Keywords: Albuminuria, Diabetic nephropathy, Randomized study, Spironolactone

Introduction

The diabetic population will continuously increase 155 % from 382 million to 592 million worldwide by 2035 [1]. Diabetes causes burdensome complications including small vessel diseases (retinopathy, neuropathy and nephropathy) and large vessel diseases (myocardial infarction, stroke, peripheral artery disease and congestive heart failure) [2]. The complications caused by systemic vascular disease result in premature death and disabilities with reduced productivity and high health-care costs [3]. Type 2 diabetes is the leading cause of end-stage renal disease (ESRD) in Japan [4], and annually, 16000 Japanese people develop ESRD caused by diabetes [5].

Early detection and treatment of diabetic nephropathy will reduce the progression to ESRD. Microalbuminuria is seldom reversible, but remission and even regression of nephropathy are reported in patients with microalbuminuria [6]. ESRD prevention and cardiovascular comorbidity reduction were observed in patients with regression [7]. Intensive glucose and blood pressure control reduces proteinuria, slows renal dysfunction and protects against microvascular complications [8, 9]. IRMA-2 [10] and INNOVATION [11] provided evidence that angiotensin receptor blockers (ARBs) prevent the progression of microalbuminuria to macroalbuminuria in diabetic nephropathy.

Renin–angiotensin system (RAS) blockers, such as angiotensin-converting enzyme inhibitor (ACEi) and ARB, are well established as the first-line drugs for diabetic nephropathy, and thus far either calcium channel blockers or diuretics have been suggested as second-line drugs.
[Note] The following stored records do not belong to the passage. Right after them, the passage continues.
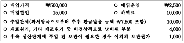 4. (주)한국의 다음 재고자산 관련 자료를 이용하여 구한 재고자산의 취득원가는?
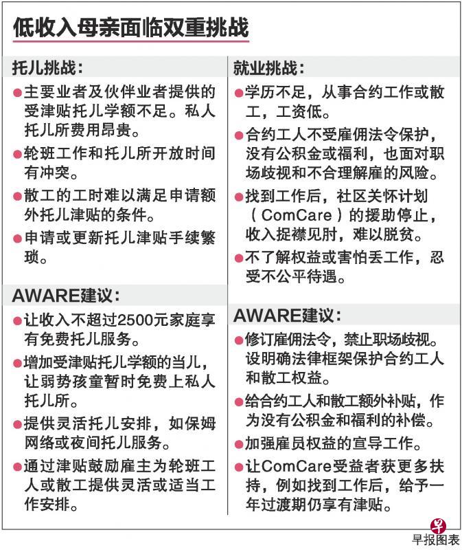 AWARE提出的建议包括让收入不超过2500元的家庭享有免费托儿服务,以及推出受政府监管的灵活托儿服务,如设立有执照的保姆网络,以及鼓励业者提供夜间托儿服务等。
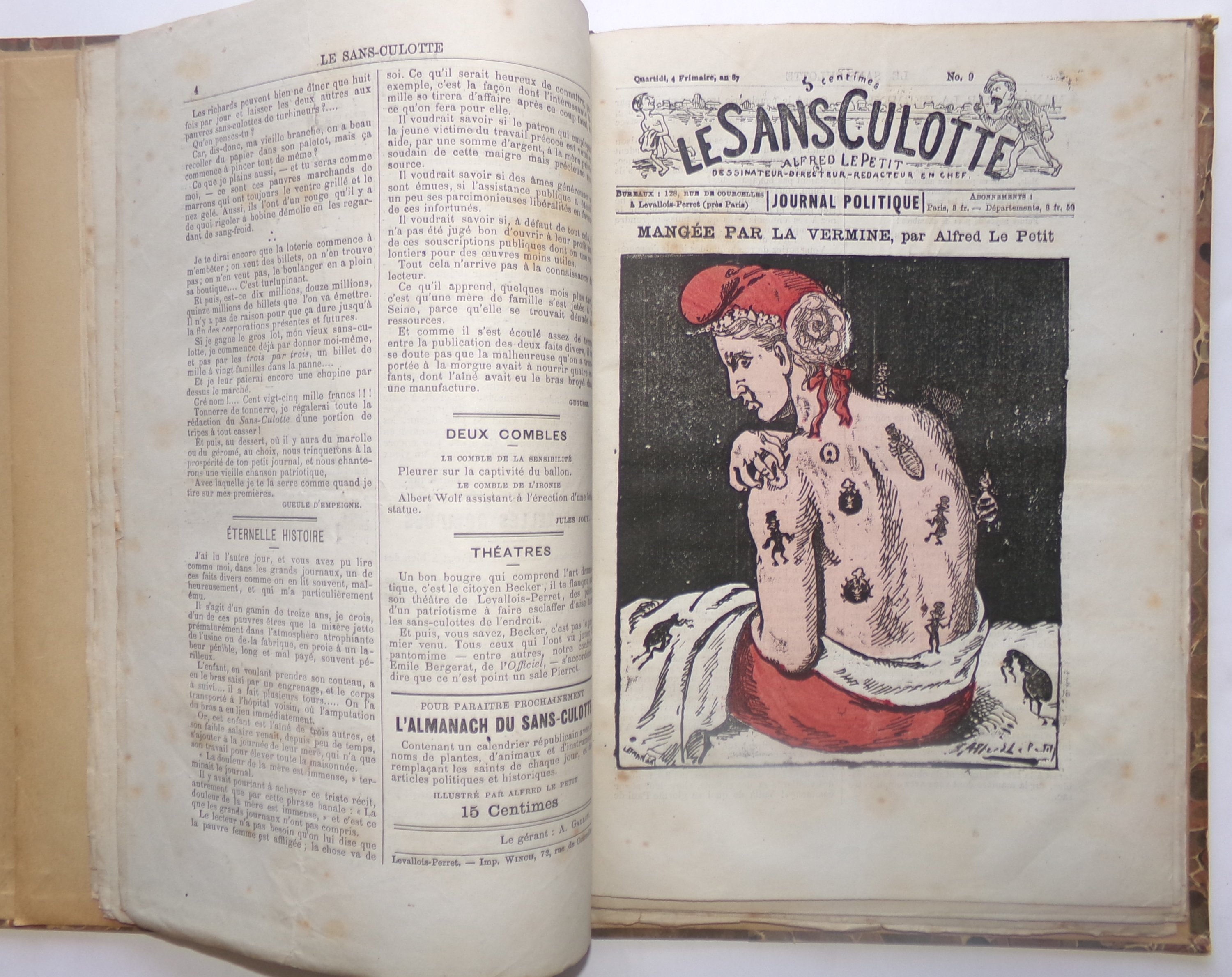 Le Sans-Culotte, n°1 à 29 (1878-1879), in-8 rel. ½ toile. Manque le dernier numéro (30). Dans la mouvance radical-socialiste, Alfred Le Petit vise, par le crayon et le texte, les monarchistes, les bonapartistes, le cléricalisme, militant pour l’amnistie totale des communards et s’intéressant au sort des « travailleurs ». Rare. T.B.E. (rousseurs) ;
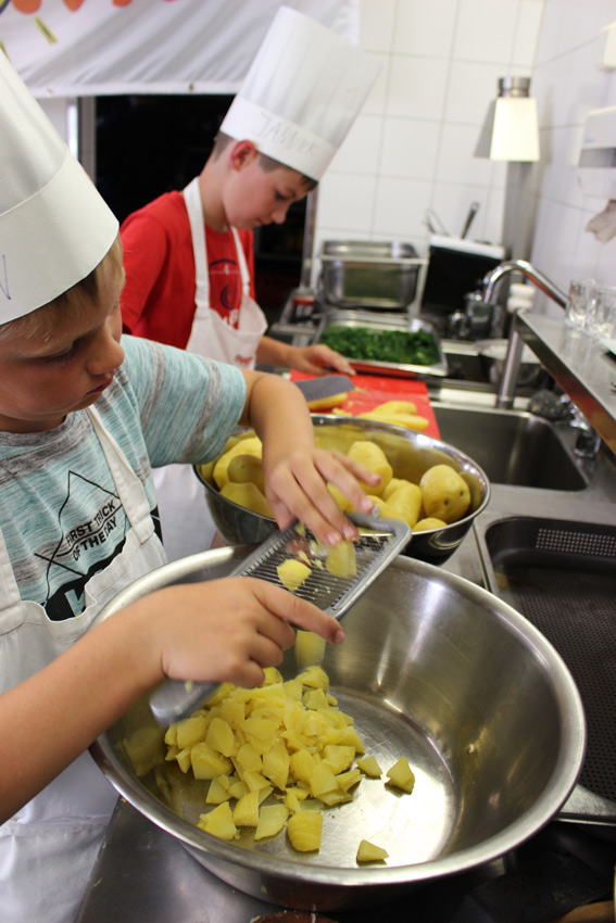 Bereits zum zehnten Mal fand am Montag, dem 11. Juli 2022, der Płomjo-Kochkurs im Bautzner Restaurant Wjelbik statt. Neun Jungen und Mädchen – unter anderem aus Lohsa, Panschwitz-Kuckau und Hoyerswerda – haben zwei Stunden mit Koch Thomas Lukasch gekocht und ein Menü zubereitet. Eltern und Großeltern durften sich gefüllte Hühnerbrust mit Reis und Champignons schmecken lassen. Als Vorspeise gab es Kartoffelsalat mit Ei und als Dessert Eis mit gebackenen Sommerfrüchten.

Aldosterone antagonists inhibit the renin–angiotensin aldosterone system and act as diuretics. Spironolactone reduces proteinuria in diabetic nephropathy [1215] and in non-diabetic renal disease [16, 17] along with RAS blockers. However, because spironolactone use is frequently associated with the elevation of serum creatinine levels and reduction in the blood pressure due to the diuretic action, its anti-albuminuric effects may be secondary phenomena via modulation of renal hemodynamics. Thus, the aldosterone antagonist has not been fully evaluated for treatment for diabetic nephropathy. In this study, we evaluated the efficacy and safety of spironolactone on the progression of albuminuria in Japanese patients with type 2 diabetes.

Materials and methods

Ethics statement

The protocol of the study was approved by the ethical committee: Nagoya University Graduate School of Medicine (No. 2012-0038), Okayama University Graduate School of Medicine (No. 1432), Kanazawa Medical University (No. 253) and Shiga University of Medical Science (No. 24–49). We performed a multicenter, prospective, randomized, open-label parallel-group comparison study at Nagoya University Hospital, Shiga University of Medical Science Hospital, Kanazawa Medical University Hospital and Okayama University Hospital. All patients provided written informed consent to participate in this study. This trial was registered in Japanese University hospital Medical Information Network Clinical Trials Registry (UMIN-CTR: UMIN 000008016). The trial was started (first patient enrolled) in August 2012 and (last patient completed) completed in July 2013.

Participants

We enrolled 52 Japanese patients with type 2 diabetes and diabetic nephropathy from August 2012 to May 2013. Despite antihypertensive treatment with an RAS blocker (either ARB or ACEi), the enrolled patients had persistent albuminuria (100 mg/gCr–2000 mg/gCr). Moreover, they also met the following inclusion criteria: (1) aged 30 to 70 years; (2) estimated glomerular filtration rate (eGFR) >30 mL/min/1.73 m2 calculated by serum creatinine. Diabetic nephropathy was diagnosed clinically if one or more of the following criteria were fulfilled: (1) histological diagnosis by renal biopsy; (2) presence of diabetic retinopathy; (3) history of type 2 diabetes mellitus at least 5 years before enrollment.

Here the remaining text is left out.